Our own Robert Bly has just been awarded the Poetry Society of America's highest honor, the Frost Medal, for his "distinguished lifetime achievement in poetry." His close friend, Swedish poet Tomas Tranströmer, won the Nobel Prize in Literature in 2011. Publication of the correspondence of these two literary lions is a notable event, and long overdue. Thanks is owed to Graywolf Press for this delectable book, consisting of nearly 300 letters from three decades, and ably edited by poet Thomas R. Smith.

Bly, as editor of the feisty magazine The Fifties (later The Sixties and The Seventies), was leading the charge for a "new poetry," freed from old constraints and based on the intuitive image as a way of linking the inner and the outer worlds. The first step for young American poets, he said, was to learn from reading poetry in translation and by translating it oneself. Bly practiced as he preached, starting the Sixties Press in order to publish his own and others' translations from various languages. At the same time, his landmark first book of poetry, "Silence in the Snowy Fields," took the literary world by storm.
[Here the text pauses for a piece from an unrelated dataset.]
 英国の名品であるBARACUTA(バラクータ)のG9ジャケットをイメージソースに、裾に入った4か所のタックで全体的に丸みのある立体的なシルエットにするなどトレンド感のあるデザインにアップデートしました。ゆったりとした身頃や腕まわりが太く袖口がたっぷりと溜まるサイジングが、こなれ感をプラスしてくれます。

Then, in 1964, Tranströmer and Bly connected, finding "an instant kind of communion," and began at once to translate and learn from each other. Although theirs was a mutually beneficial relationship (conducted by mail and face-to-face), Tranströmer persistently deferred to Bly as "master." Bly was the first to translate a book of Tranströmer's into English. Many other translators followed suit.

Taking us behind the scenes, the letters gathered here reveal much about this great pair: their intimate and enduring friendship; the joys and sorrows of their personal and family lives; the nature of their respective societies and cultures; upheavals in national and world politics; their dreams and psychological insights; their buoyant good humor; literary news and gossip; and, most important, the processes of their own work and their literary collaboration. While both writers remark on their apparent occasional telepathy, translating did not happen by osmosis, but remained very hard work. Certainly part of the fascination of these letters for American readers is that Bly's public persona, his reputation for bombast and controversy, is hard to find. He and the more introverted Tranströmer both appear as their authentic private selves — generous, humble, vulnerable and self-deprecating to a fault.
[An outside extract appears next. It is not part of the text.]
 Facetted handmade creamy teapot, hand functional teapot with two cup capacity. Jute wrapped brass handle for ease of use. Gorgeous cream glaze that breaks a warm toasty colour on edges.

As technological change presses ahead — with tweets, texting, Facebook comments and e-mail now standard means of communication — letter writing is a dying art, seen as quaint at best. Whether or not one is grateful for the speed and ease of electronic messaging, this marvelous collection, both entertaining and edifying, provides one opportunity to measure what has been lost.

Mark Gustafson, author of "The Odin House Harvest," is writing Robert Bly's biography. He lives in Minneapolis.